Londongoer · 01/11/2023 14:29

Your new build was noisy? That's terrible, I thought there were strict regulations in place now to prevent that. Do you know if ND1 has had any big renovations done? I read somewhere that turning a space into an open plan can cause noise to travel more through any new supporting beams that needed to be installed.

casuarinatree · 01/11/2023 14:46

We hear everything from one side, barely anything from the other.

We share a chimney stack with noisy side, but they have had the chimmey breasts removed on their side - this means (I assume) that we only have the bare minimum wall thickness between us. They are also very cheap rental flats on that side, and have laminate floors and barely any soft furnishings to absorb the sound. They also appear to have a hyena living there (or at least, that is what one of their laughs sounds like and boy does that sound carry).

Other side we've heard faint music a couple of times and that is it - I think they are naturally quieter, but the acoustic on noisy side must make a difference. We do have our hall/ their hallway on that side, but the upstairs flat living room sides onto our bedroom and I've never even once heard the their tv.

SuddenlyOld · 01/11/2023 15:05

I find houses with converted lofts are much noisier than those without. Whether it's just your house, just the neighbour, or both of you.

I lived in a house with was a terrace of 4 old ex council houses. No noise from one side but the other side was terrible. I could hear everything and I could even smell their cooking.

Our loft was converted but I don't know if theirs was. I was convinced the lofts were once one big shared space with joists running the length of the houses and just a thin partition added between the house roof spaces. It was so awful I didn't stay to find out and sold up after a year.

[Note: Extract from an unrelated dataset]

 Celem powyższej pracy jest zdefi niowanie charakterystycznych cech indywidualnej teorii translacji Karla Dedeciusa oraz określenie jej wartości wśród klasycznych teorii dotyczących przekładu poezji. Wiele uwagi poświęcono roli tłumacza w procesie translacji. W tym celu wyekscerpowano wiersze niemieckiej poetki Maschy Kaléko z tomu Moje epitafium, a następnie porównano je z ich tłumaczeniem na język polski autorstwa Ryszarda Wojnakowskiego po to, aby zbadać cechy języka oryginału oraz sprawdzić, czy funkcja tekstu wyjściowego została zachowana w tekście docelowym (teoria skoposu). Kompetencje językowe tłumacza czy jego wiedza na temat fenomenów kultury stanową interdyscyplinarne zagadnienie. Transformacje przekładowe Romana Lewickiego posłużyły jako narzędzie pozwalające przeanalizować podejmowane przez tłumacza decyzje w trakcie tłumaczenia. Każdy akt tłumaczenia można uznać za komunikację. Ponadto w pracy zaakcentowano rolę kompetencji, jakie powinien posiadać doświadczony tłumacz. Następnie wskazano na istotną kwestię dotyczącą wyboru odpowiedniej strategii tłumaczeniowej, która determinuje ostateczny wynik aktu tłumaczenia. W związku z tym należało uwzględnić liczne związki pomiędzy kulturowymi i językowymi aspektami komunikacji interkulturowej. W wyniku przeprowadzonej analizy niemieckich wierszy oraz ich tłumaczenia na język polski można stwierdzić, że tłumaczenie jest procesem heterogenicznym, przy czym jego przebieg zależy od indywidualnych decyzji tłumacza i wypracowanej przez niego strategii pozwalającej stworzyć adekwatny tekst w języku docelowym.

ClematisBlue49 · 01/11/2023 15:26

Same here.

Victorian terrace, one side much noisier than the other, plus it seems to travel all through the house. Both sides have stairs on the opposite side and chimneys next to mine, and both lofts are converted, but mine isn't. It's manageable as my stairs are on the noisy side which creates a bit of a buffer, and at least the latest neighbours don't have a piano. Loud Rachmaninoff from 7am to 10pm was not my cup of tea......

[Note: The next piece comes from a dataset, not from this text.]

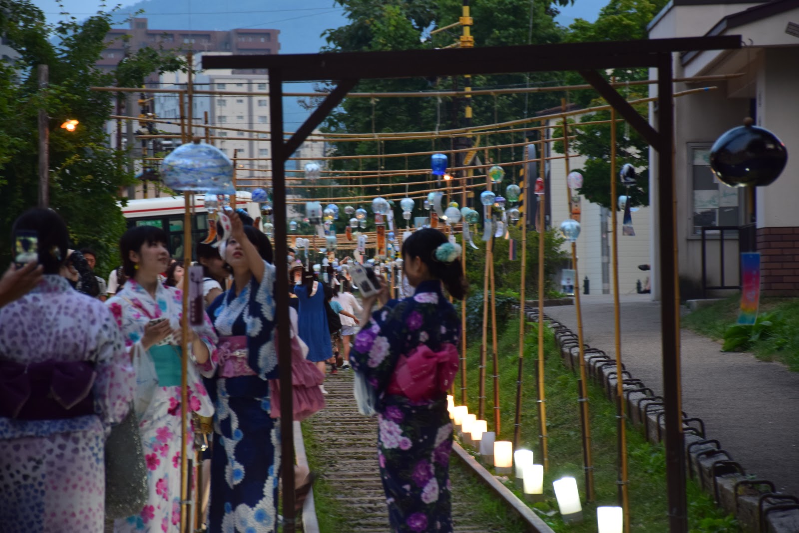 2017年與潮祭同時舉行的小樽玻璃市集,不僅有許多玻璃店進駐,還有風鈴展示供遊客欣賞,特別是晚上打上燈光後,十分浪漫。

MissRead · 01/11/2023 17:44

That's interesting about cooking smells, ND1 likes a smoke - not cigarettes - and that smell definitely travels through.

I think ND1's stairs are on the far side so not the wall that adjoins me and I think they have a fairly open plan layout with, as someone said, a modern feel eg laminate etc.

I dont think their loft is converted as such - mine is boarded for storage but not somewhere you could live.